### Problem description
In the entries below, find the line with "RIVER 3 Plus", then set it down exactly along with each line after it to the end, skipping any pictures.

§

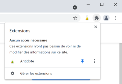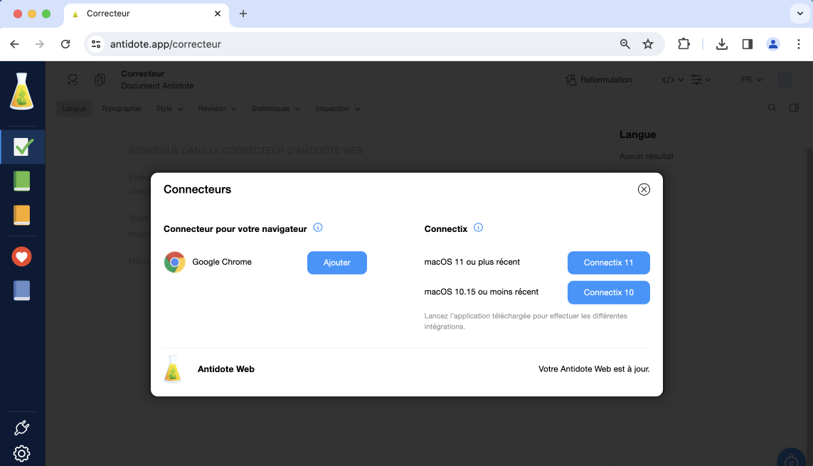 Guide de démarrage / Utilisation d’Antidote Web dans vos logiciels / Ajouter les connecteurs / Navigateur seulement / Google Chrome
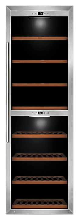 Винный шкаф CASO WineComfort 1800 Smart предназначен для охлаждения и длительного хранения бутилированного и разливного вина в частных домах, квартирах, отелях и офисах. Модель оснащена 2 температурными зонами для красного и белого вина с активным вентилятором в каждой, сенсорной панелью управления с возможностью удаленного управления через приложение Wi-Fi Smart Control и 8 деревянными съемными полками на подшипниках. Дверная рама и ручка выполнены из нержавеющей стали, дверца - из трехслойного изолирующего стекла с УФ-фильтром.
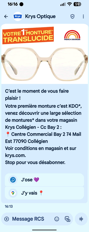 Elle permet aux marques d’envoyer des messages multimédias, interactifs et sécurisés directement dans l’application de messagerie native des utilisateurs (Android Messages ou Apple Messages depuis iOS 18).
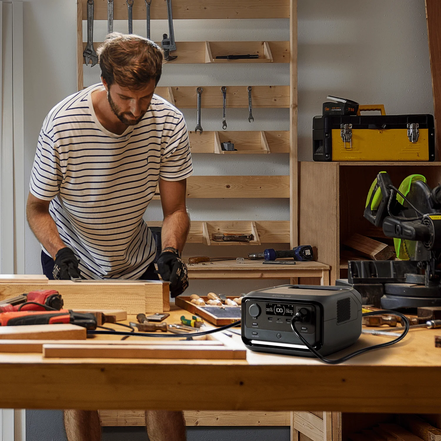 RIVER 3 Plus es una bestia en el campo de las estaciones de energía pequeñas, y es capaz de generar hasta 600 W de potencia nominal. Su tecnología X-Boost puede hacerse cargo de dispositivos de calefacción de 1200 W continuamente sin esfuerzo, y es capaz de alimentar sin problemas al 90 % de electrodomésticos. Con su luz adicional incorporada, nunca más te quedarás a oscuras.
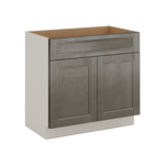 Our 24", 27", 30" & 36" Vanity sink base cabinets are 21"s deep and 34-1/2"s tall (same height as kitchen cabinets) in the Huntington Cinder Double Shaker 1-1/4" style are the...
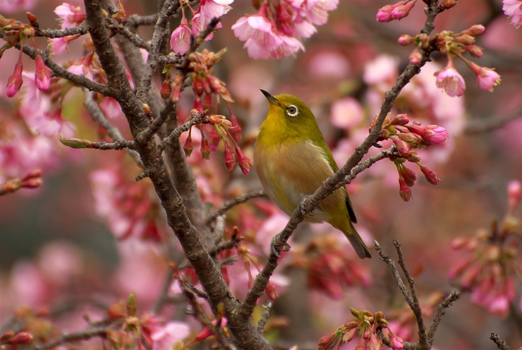 寒緋桜とメジロ
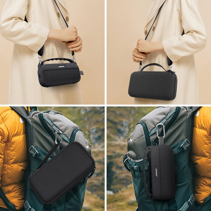 - This soundLink Flex speaker hard case and silicone case has an adjustable, high-quality strap that allows for crossbody or over-the-shoulder carrying, so you can simply hold the Bose sound link Flex gen 2 wherever you go and enjoy music anywhere. This Bose soundLink Flex bluetooth speaker gen 2 case has a sturdy aluminum carabiner allows you to securely attach the speaker to your backpack, belt loop, or other gear, keeping it easily accessible during hikes, bike rides, or picnics.
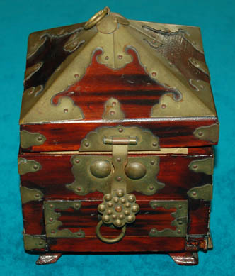 This ornate wooden box was used as set dressing during the filming of Star Trek episodic television. Its square shape rests on four small feet and it has a pyramid shaped lid. Attached to its surface is shaped metal creating detail and design. In the front is a small drawer … |
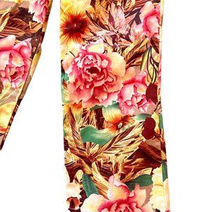 Dalia Collection Ladies Capris Pants Floral Size 2 Stretch 97% Cotton 3% Spandex. Bright Tropical Floral Print in Shades of Burgundy, Pink and Yellow.

§

### Exercise solution
 RIVER 3 Plus es una bestia en el campo de las estaciones de energía pequeñas, y es capaz de generar hasta 600 W de potencia nominal. Su tecnología X-Boost puede hacerse cargo de dispositivos de calefacción de 1200 W continuamente sin esfuerzo, y es capaz de alimentar sin problemas al 90 % de electrodomésticos. Con su luz adicional incorporada, nunca más te quedarás a oscuras.
 Our 24", 27", 30" & 36" Vanity sink base cabinets are 21"s deep and 34-1/2"s tall (same height as kitchen cabinets) in the Huntington Cinder Double Shaker 1-1/4" style are the...
 寒緋桜とメジロ
 - This soundLink Flex speaker hard case and silicone case has an adjustable, high-quality strap that allows for crossbody or over-the-shoulder carrying, so you can simply hold the Bose sound link Flex gen 2 wherever you go and enjoy music anywhere. This Bose soundLink Flex bluetooth speaker gen 2 case has a sturdy aluminum carabiner allows you to securely attach the speaker to your backpack, belt loop, or other gear, keeping it easily accessible during hikes, bike rides, or picnics.
 This ornate wooden box was used as set dressing during the filming of Star Trek episodic television. Its square shape rests on four small feet and it has a pyramid shaped lid. Attached to its surface is shaped metal creating detail and design. In the front is a small drawer … |
 Dalia Collection Ladies Capris Pants Floral Size 2 Stretch 97% Cotton 3% Spandex. Bright Tropical Floral Print in Shades of Burgundy, Pink and Yellow.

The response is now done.